Transcription factors (TFs) and the regulatory proteins that
control them play key roles in hematopoiesis, controlling basic processes of cell growth and differentiation; disruption of these processes may lead to leukemogenesis. Here we attempt to identify functionally novel and partially characterized TFs/regulatory proteins
that are expressed in undifferentiated hematopoietic tissue. We
surveyed our database of 15 970 genes/expressed sequence tags
(ESTs) representing the normal human CD34+ cells
transcriptosome (http://westsun.hema.uic.edu/cd34.html), using the
UniGene annotation text descriptor, to identify genes with motifs
consistent with transcriptional regulators; 285 genes were identified.

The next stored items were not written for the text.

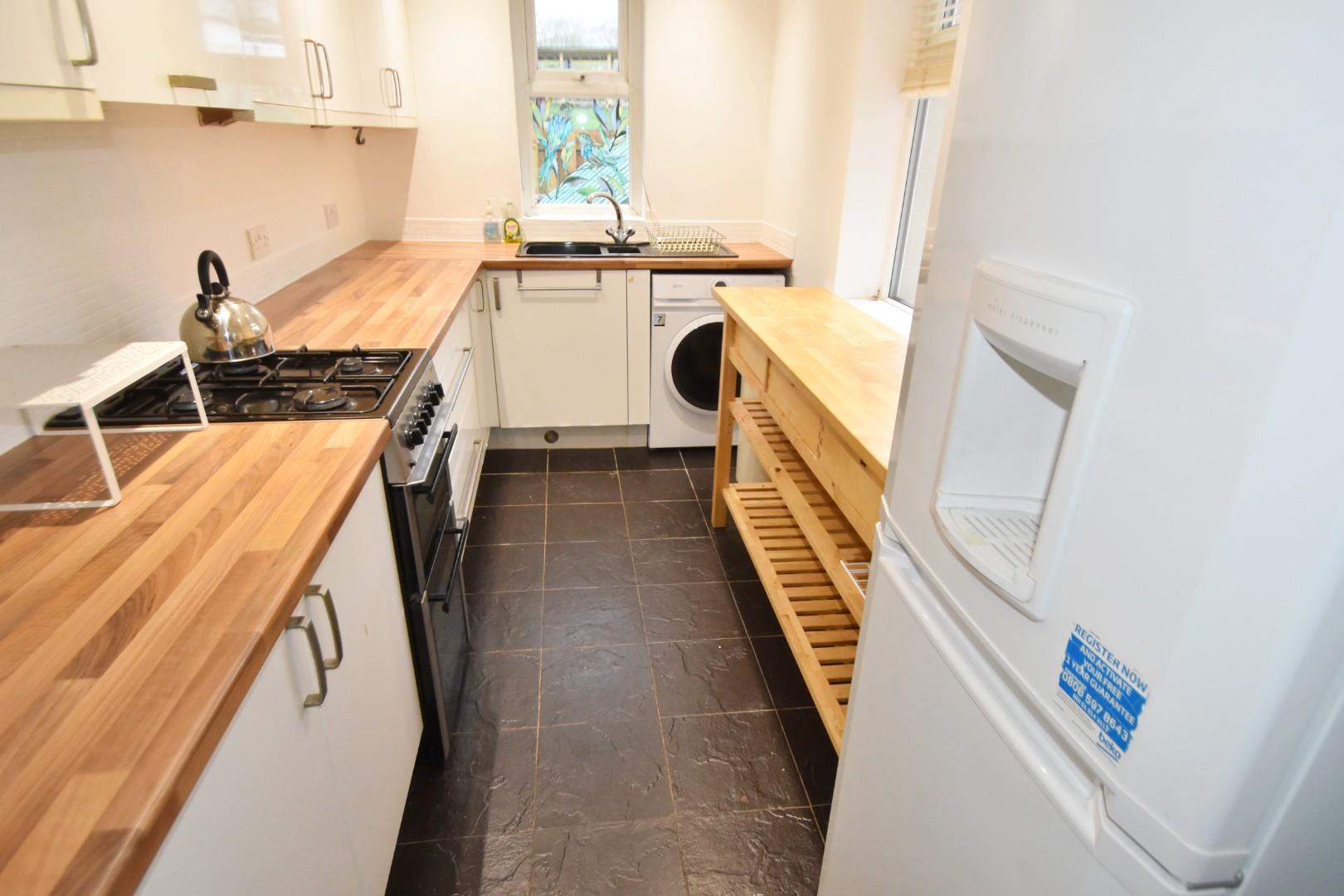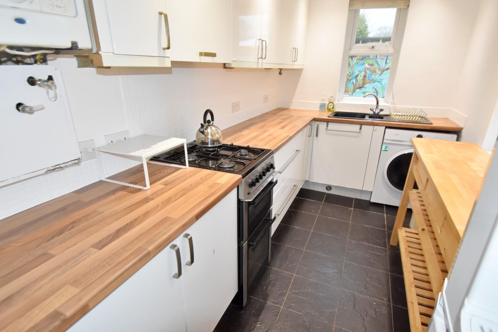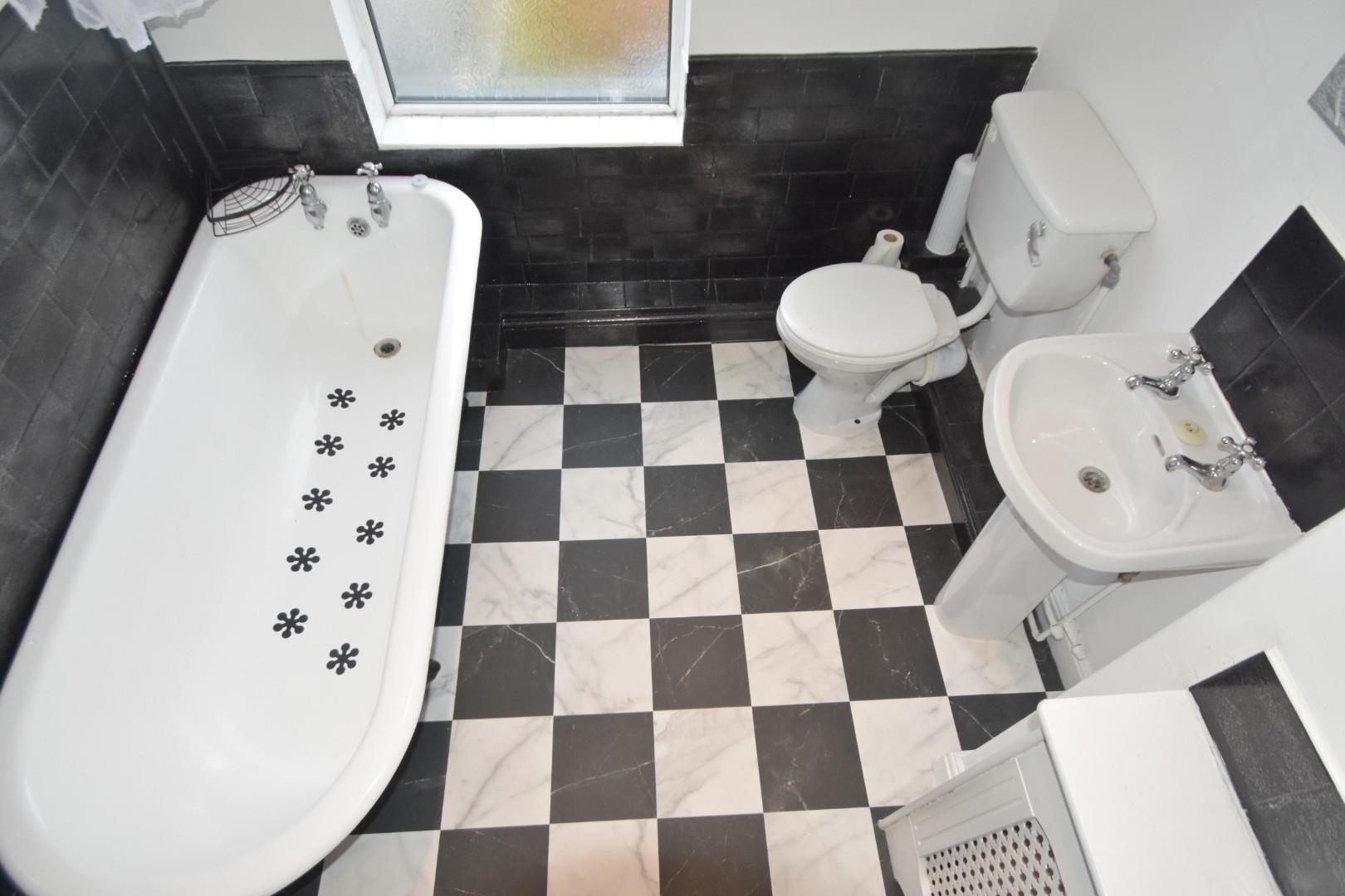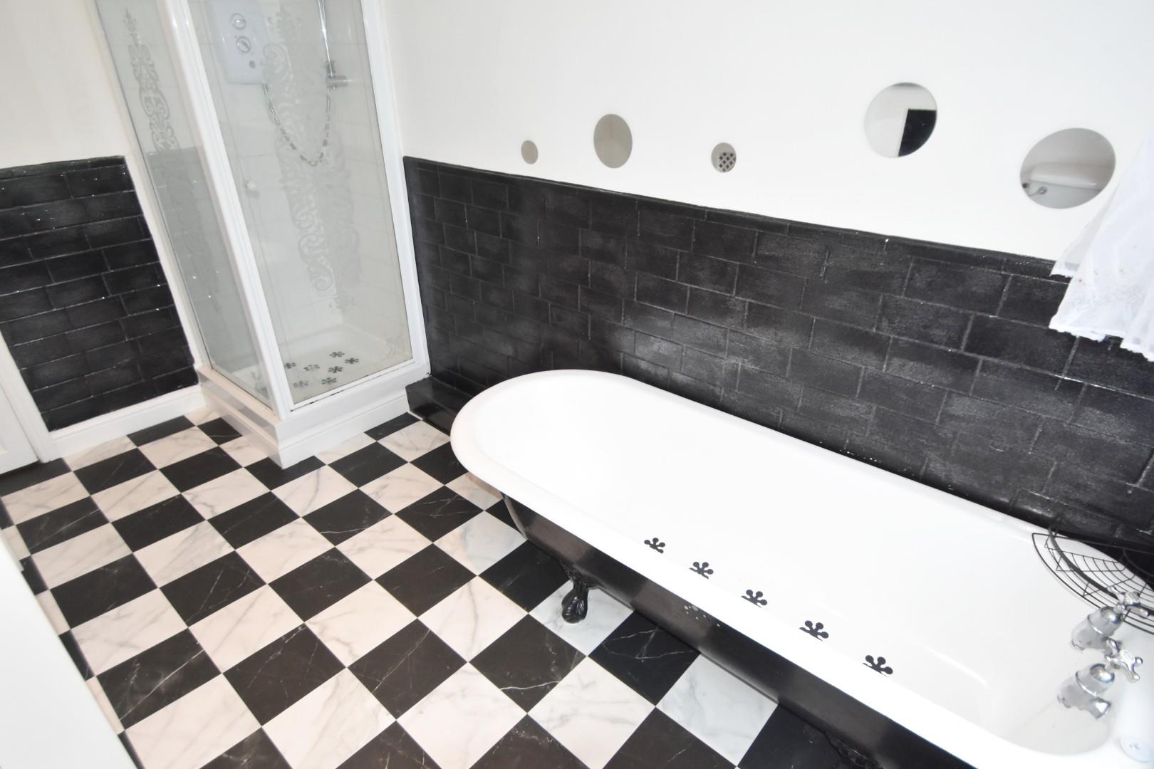 Cast Iron Roll Top bath. Walk in shower. Partially tiled.
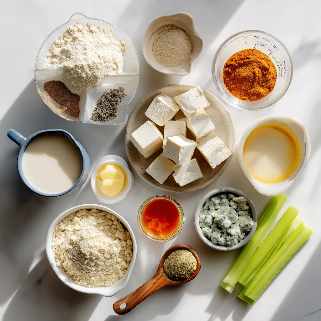 Getting the right ingredients is key for crispy buffalo tofu bites. First, you need a block of firm tofu. Press it to remove excess water. This step helps it get crispy. Next, gather all-purpose flour and spices. Garlic powder, onion powder, cayenne pepper, and paprika add great flavor. Don’t forget salt and pepper to taste.
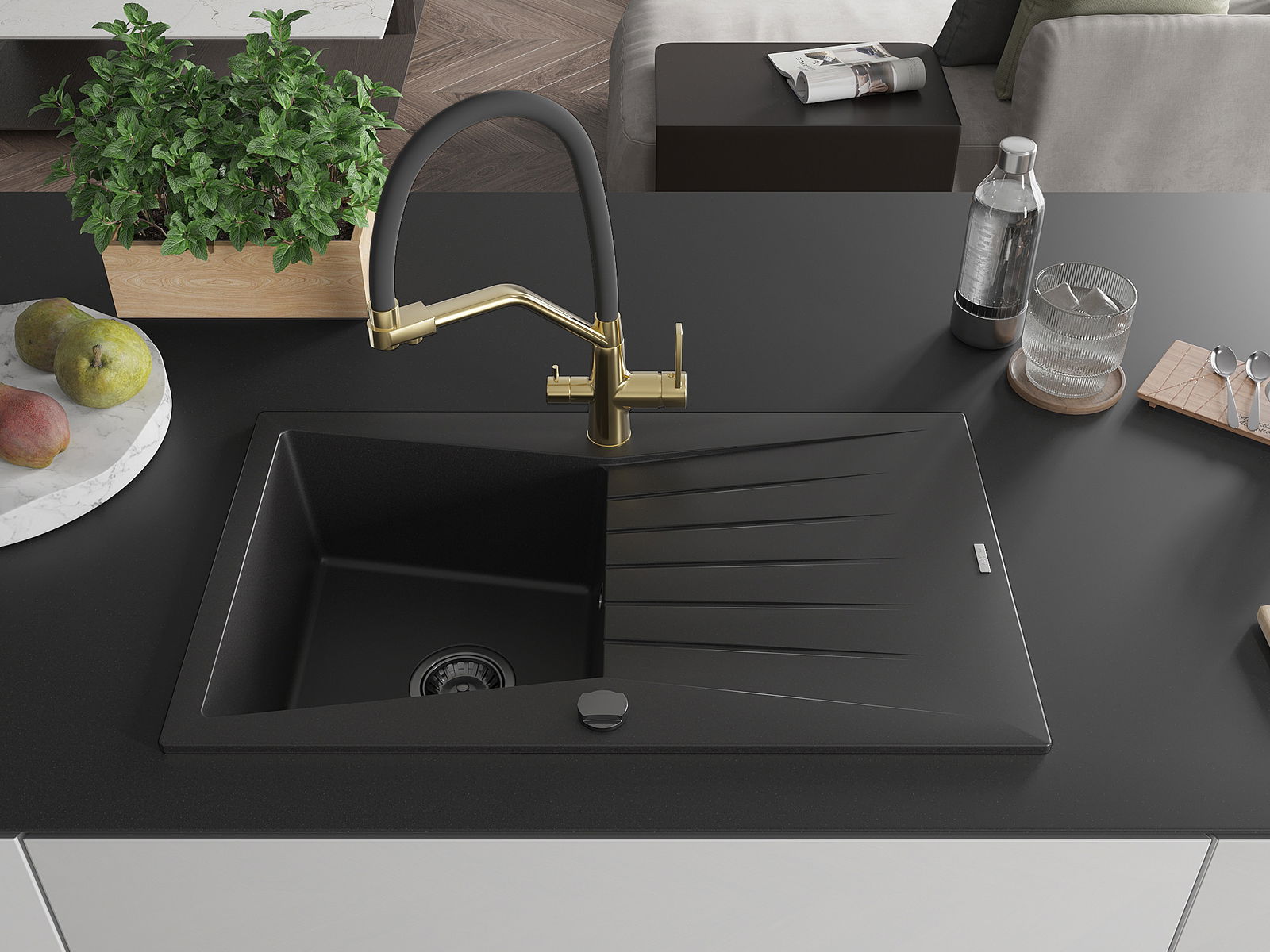 Zlewozmywak został wykonany z wysokiej jakości granitu. Stanowi eleganckie, a przede wszystkim praktyczne uzupełnienie każdej kuchni, niezależnie od jej stylu. Wysoka jakość oraz trwałość granitu zapewniają wieloletnie użytkowanie.
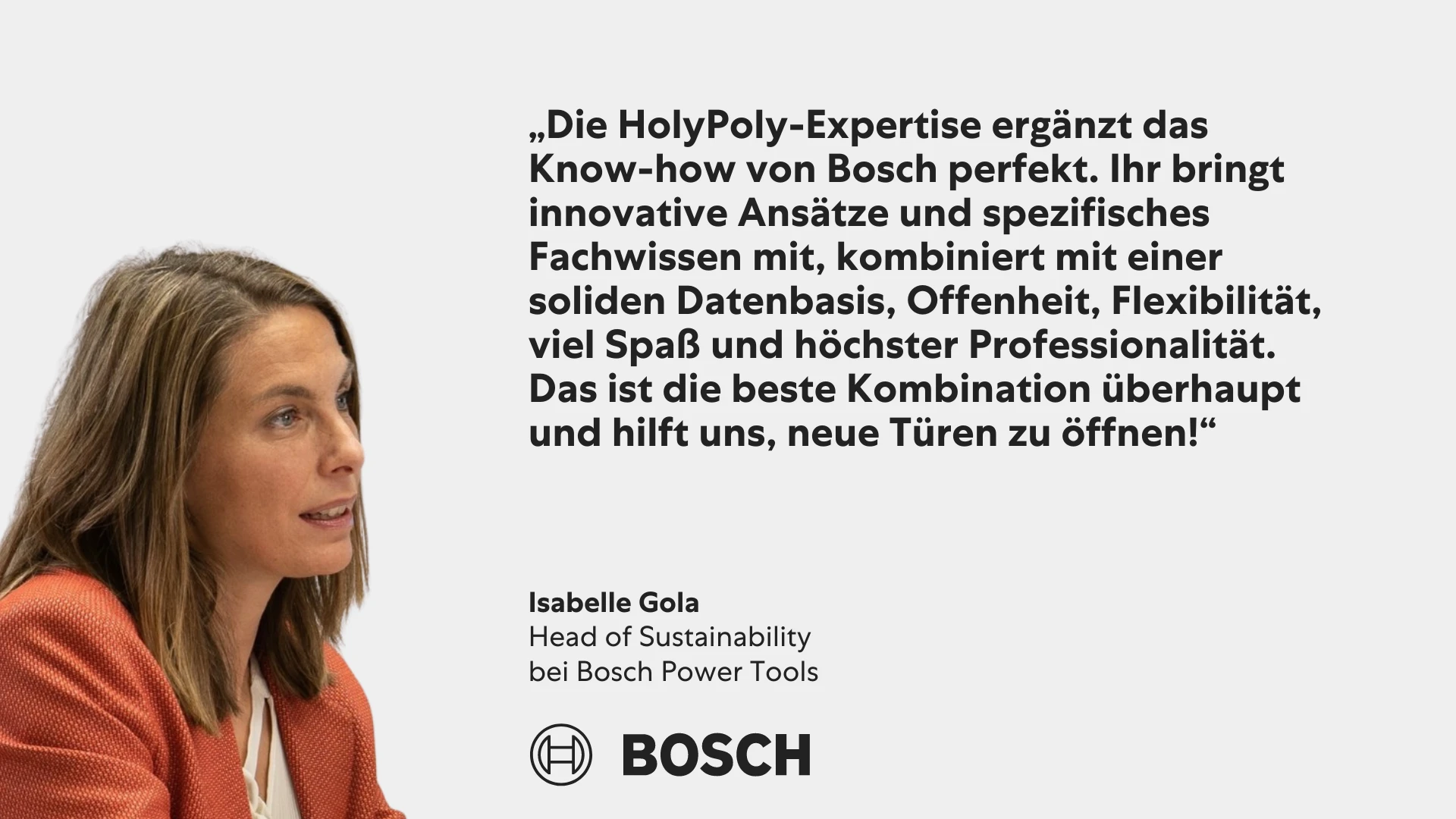 In this 2-minute interview, Isabelle Gola, Head of Sustainability at Bosch Power Tools, talks about the role of plastics in the Bosch Group's sustainability strategy and about the collaboration with HolyPoly.
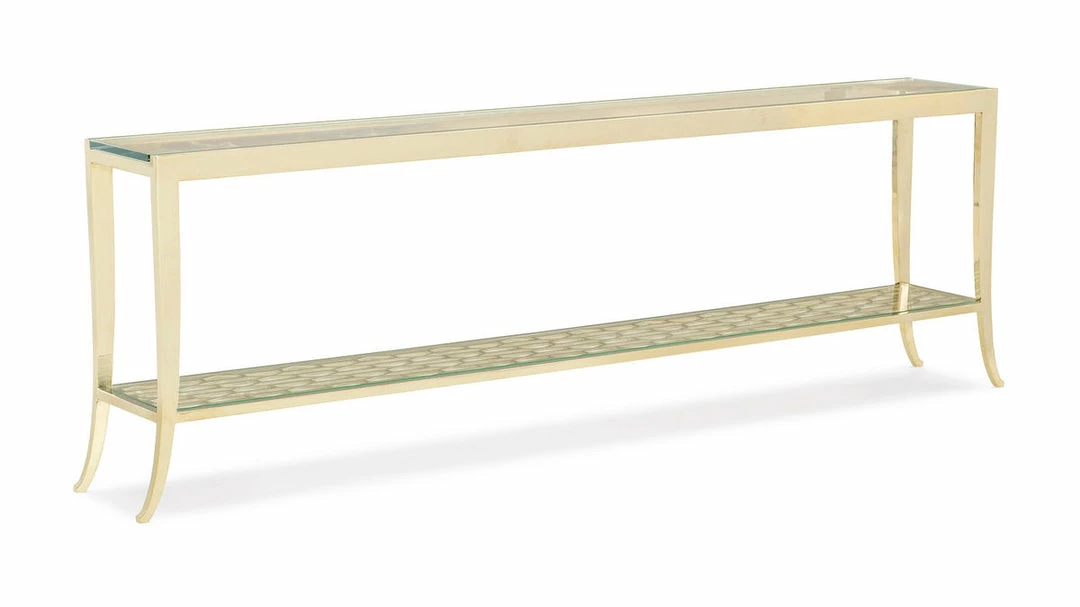 Perfect behind a sofa or in a long hallway, this console table is slim and modern. A stretcher of cut metal features an elongated contemporary honeycomb motif suspended between four graceful sabre metal legs – all bathed in highly polished Whisper of Gold. Paired with an ultra-clear glass top with a waterfall effect at each end, use this piece to brighten any room.

We also extracted the human homologues of the TFs reported in the
murine stem cell database (SCdb; http://stemcell.princeton.edu/), selecting an additional 45 genes/ESTs. An exhaustive literature search
of each of these 330 unique genes was performed to determine if
any had been previously reported and to obtain additional
characterizing information. Of the resulting gene list, 106 were
considered to be potential TFs. Overall, the transcriptional regulator
dataset consists of 165 novel or poorly characterized genes, including 25 that appeared to be TFs. Among these novel and poorly characterized genes are a cell growth regulatory with ring finger domain protein (CGR19, Hs.59106), an RB-associated CRAB repressor
(RBAK, Hs.7222), a death-associated transcription factor 1 (DATF1, Hs.155313), and a p38-interacting protein
(P38IP, Hs. 171185). The identification of these
novel and partially characterized potential transcriptional regulators
adds a wealth of information to understanding the molecular aspects of
hematopoiesis and hematopoietic disorders.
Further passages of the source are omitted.